*ASSIGNED TASK*. The reply must repeat the listing below exactly and carry none of its pictures.

*SUPPLIED INFORMATION*.

────────────────

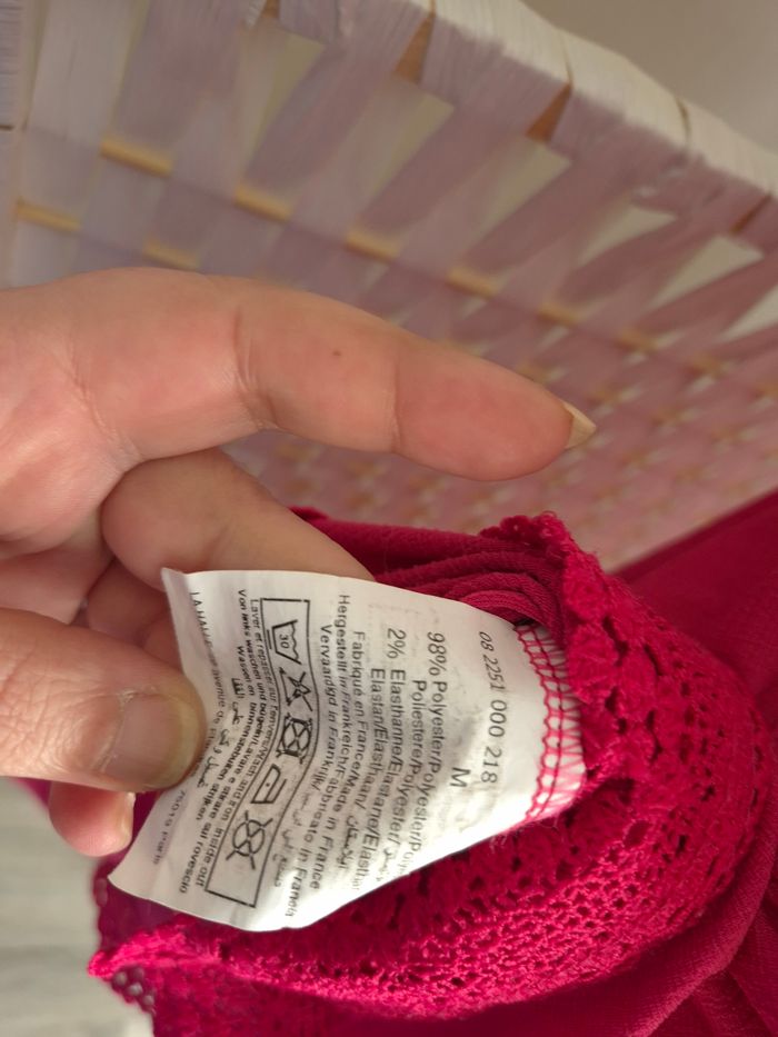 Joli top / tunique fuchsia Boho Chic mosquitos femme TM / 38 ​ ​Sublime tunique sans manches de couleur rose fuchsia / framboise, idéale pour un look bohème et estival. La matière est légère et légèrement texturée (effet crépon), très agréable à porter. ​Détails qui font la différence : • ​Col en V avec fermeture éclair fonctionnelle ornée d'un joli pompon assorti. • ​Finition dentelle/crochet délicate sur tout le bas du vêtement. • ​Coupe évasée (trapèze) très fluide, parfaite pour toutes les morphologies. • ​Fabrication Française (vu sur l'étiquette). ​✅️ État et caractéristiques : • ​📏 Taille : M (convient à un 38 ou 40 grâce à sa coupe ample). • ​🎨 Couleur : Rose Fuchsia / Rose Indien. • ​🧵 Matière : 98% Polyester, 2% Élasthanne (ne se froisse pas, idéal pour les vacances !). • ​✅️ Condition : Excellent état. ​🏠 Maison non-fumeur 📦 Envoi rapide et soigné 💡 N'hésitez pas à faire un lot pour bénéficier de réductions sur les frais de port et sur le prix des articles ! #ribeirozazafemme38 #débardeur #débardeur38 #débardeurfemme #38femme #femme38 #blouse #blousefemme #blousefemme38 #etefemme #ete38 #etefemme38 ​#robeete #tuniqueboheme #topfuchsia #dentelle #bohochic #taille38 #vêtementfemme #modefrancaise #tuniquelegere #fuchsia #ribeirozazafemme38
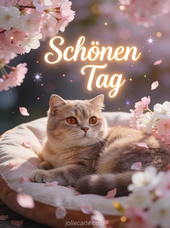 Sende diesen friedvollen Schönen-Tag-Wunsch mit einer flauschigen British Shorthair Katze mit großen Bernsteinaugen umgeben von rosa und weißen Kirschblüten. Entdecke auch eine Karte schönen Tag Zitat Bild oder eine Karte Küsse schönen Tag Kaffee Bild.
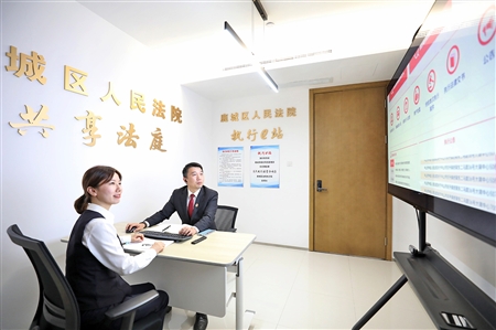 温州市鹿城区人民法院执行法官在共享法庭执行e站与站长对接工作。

────────────────

*THE ANSWER*.
 Joli top / tunique fuchsia Boho Chic mosquitos femme TM / 38 ​ ​Sublime tunique sans manches de couleur rose fuchsia / framboise, idéale pour un look bohème et estival. La matière est légère et légèrement texturée (effet crépon), très agréable à porter. ​Détails qui font la différence : • ​Col en V avec fermeture éclair fonctionnelle ornée d'un joli pompon assorti. • ​Finition dentelle/crochet délicate sur tout le bas du vêtement. • ​Coupe évasée (trapèze) très fluide, parfaite pour toutes les morphologies. • ​Fabrication Française (vu sur l'étiquette). ​✅️ État et caractéristiques : • ​📏 Taille : M (convient à un 38 ou 40 grâce à sa coupe ample). • ​🎨 Couleur : Rose Fuchsia / Rose Indien. • ​🧵 Matière : 98% Polyester, 2% Élasthanne (ne se froisse pas, idéal pour les vacances !). • ​✅️ Condition : Excellent état. ​🏠 Maison non-fumeur 📦 Envoi rapide et soigné 💡 N'hésitez pas à faire un lot pour bénéficier de réductions sur les frais de port et sur le prix des articles ! #ribeirozazafemme38 #débardeur #débardeur38 #débardeurfemme #38femme #femme38 #blouse #blousefemme #blousefemme38 #etefemme #ete38 #etefemme38 ​#robeete #tuniqueboheme #topfuchsia #dentelle #bohochic #taille38 #vêtementfemme #modefrancaise #tuniquelegere #fuchsia #ribeirozazafemme38
 Sende diesen friedvollen Schönen-Tag-Wunsch mit einer flauschigen British Shorthair Katze mit großen Bernsteinaugen umgeben von rosa und weißen Kirschblüten. Entdecke auch eine Karte schönen Tag Zitat Bild oder eine Karte Küsse schönen Tag Kaffee Bild.
 温州市鹿城区人民法院执行法官在共享法庭执行e站与站长对接工作。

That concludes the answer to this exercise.